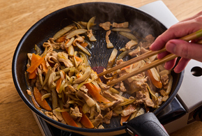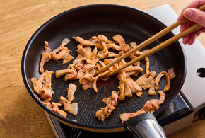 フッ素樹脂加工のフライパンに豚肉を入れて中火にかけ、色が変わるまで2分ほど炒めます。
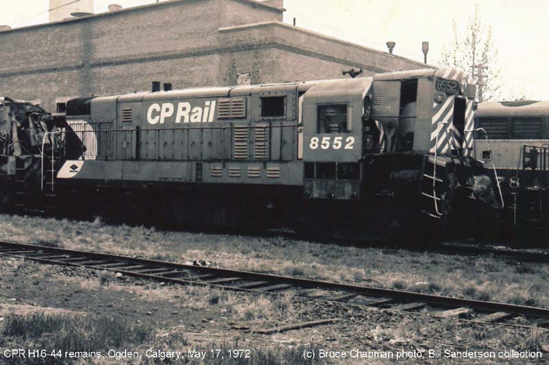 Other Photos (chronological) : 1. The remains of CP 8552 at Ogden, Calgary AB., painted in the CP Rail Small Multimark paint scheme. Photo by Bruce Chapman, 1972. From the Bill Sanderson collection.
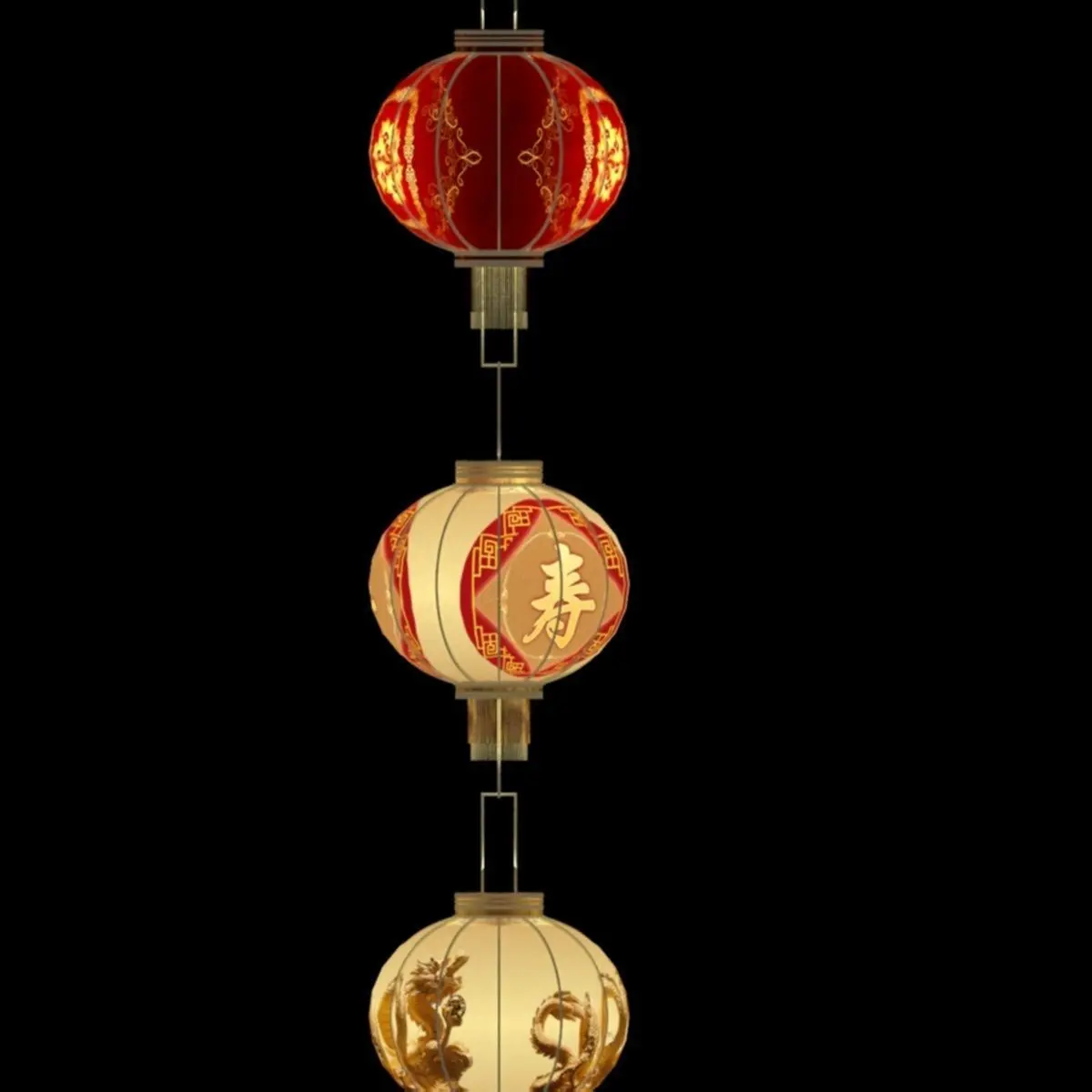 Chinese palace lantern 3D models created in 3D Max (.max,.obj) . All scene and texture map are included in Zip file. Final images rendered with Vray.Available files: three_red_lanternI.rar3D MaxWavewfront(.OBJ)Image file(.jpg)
——————————
Exercise instructions — Repeat, line for line and exactly, the material from its first line through the line that contains "Other Photos (chronological)", both ends included; no pictures belong in the copy.

Problem solution —
 フッ素樹脂加工のフライパンに豚肉を入れて中火にかけ、色が変わるまで2分ほど炒めます。
 Other Photos (chronological) : 1. The remains of CP 8552 at Ogden, Calgary AB., painted in the CP Rail Small Multimark paint scheme. Photo by Bruce Chapman, 1972. From the Bill Sanderson collection.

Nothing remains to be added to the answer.